Oil painting on canvas 30 x 25 inches (76 x 64cm). Contained in a carved and gilded Georgian swept frame

 

Signed and dated 1765

 

Provenance: .............(sale) Christies, 27th June 1980 (lot 133) £2,2000 to Arnold Machin O.B.E, R.A.(30 September 1911 – 9 March 1999); his son, Francis (1949-2007)

 

Francis Cotes was the son of a pharmacist, and the eldest brother of the miniaturist Samuel Cotes. He was apprenticed to the portrait painter George Knapton in the 1740's, and was at first confined to pastels, in which medium he is certainly the greatest English exponent of the 18th century. His first oil paintings dates from as late as 1753, and he did not seriously take up the medium until four years later. From 1765 he took a large house and studio at 32 Cavendish Square, and established himself as the first serious fashionable rival to Reynolds and Gainsborough. He was prominent in the Society of Artists and was a Foundation Member of the Royal Academy.
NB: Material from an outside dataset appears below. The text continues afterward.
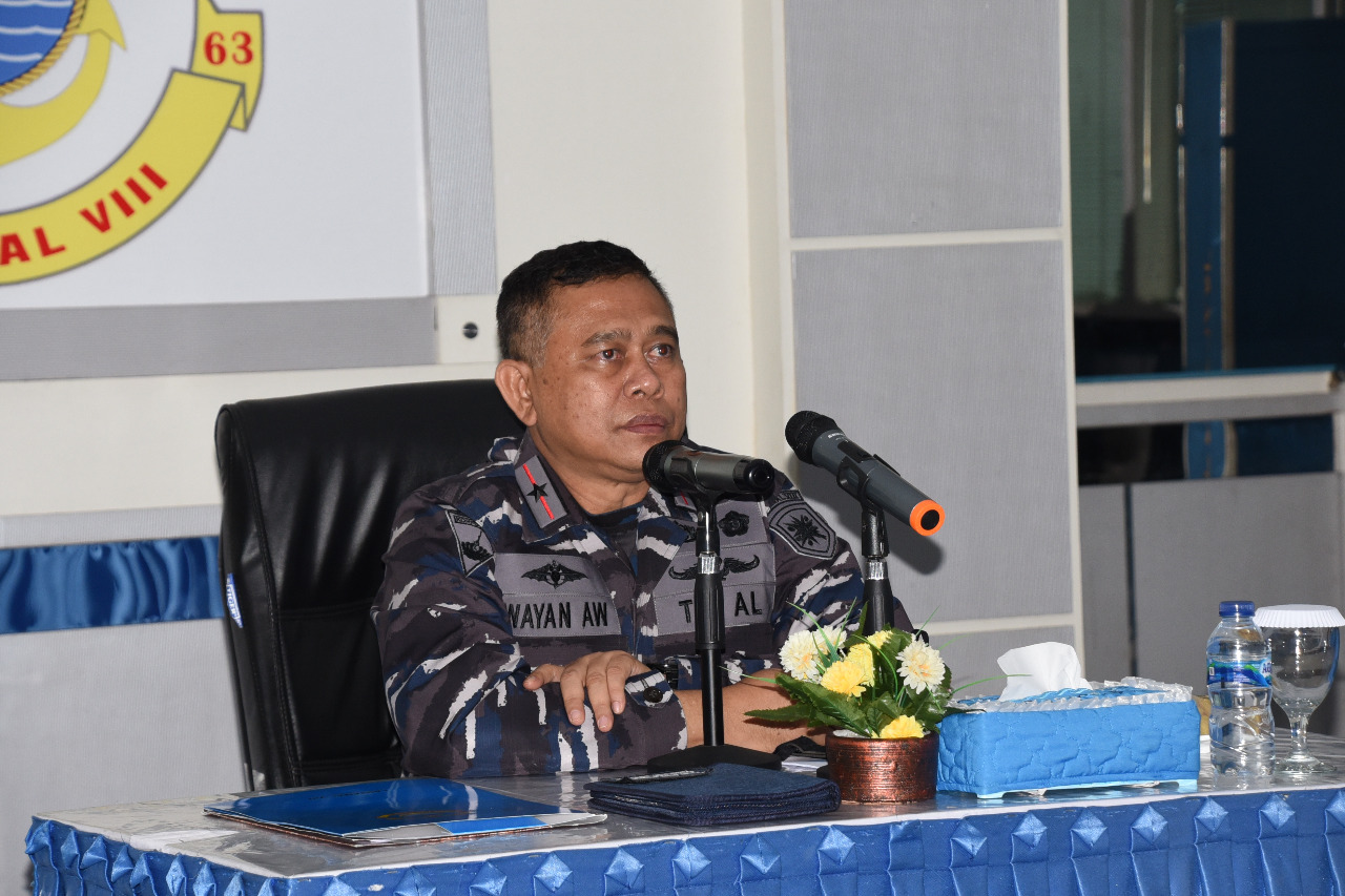 NASIONALXPOS.CO.ID, MANADO– Komandan Pangkalan Utama TNI Angkatan Laut (Danlantamal) VIII Brigadir Jenderal TNI (Mar) I Wayan Ariwijaya, S.E., CfrA memberikan pembekalan kepada para Bintara Pembina Potensi Maritim (Babinpotmar) Lantamal VIII di Ruang Serbaguna Markas Komando Lantamal VIII Jalan Yos Sudarso No.1 Kairagi Weru Paal Dua Manado, Jumat (5/3/2021).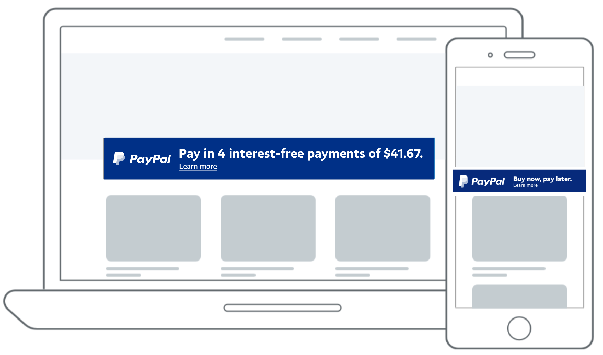 You can maximize the effectiveness of Pay Later messaging by placing messages strategically throughout your site and providing the product price and cart amount to the JavaScript SDK. The most important and effective messages are lightweight, contextual messages (data-pp-layout="text"), placed near your product's price, and configured with the product's price using data-pp-amount.

He was perhaps the greatest rival to Sir Joshua Reynolds in London during the 1760's and enjoyed a great critical success:

 

How happy Cotes ? Thy skill shall shine,

Unrivall'd in the class, almost divine.........

 

Thus the critic of The London Chronicle extolling the (admittedly splendid) virtues of Cotes's portrait of Queen Charlotte: the King had chosen Cotes above Reynolds (whom he roundly loathed) to be patronised and to have a Royal portrait exhibited at the Academy, a severe blow to the President's amour-propre.

 

The present painting dates from the period of Cotes maturation into a fully developed portrait painter in oils (his earliest successes had been in pastel), and illustrates amply the artist's clarity of conception, vigorous free brushwork and clarity and intensity of tone. It would have been executed at Cotes' new house in Cavendish Square. In 1765 Cotes was working for a distinguished clientele which included the Earl of Fife, full length in his Coronation robes (Soc. Artists 1765, no 17), “Emma, the nut-brown maid” and Lady Cunliffe as his career burgeoned.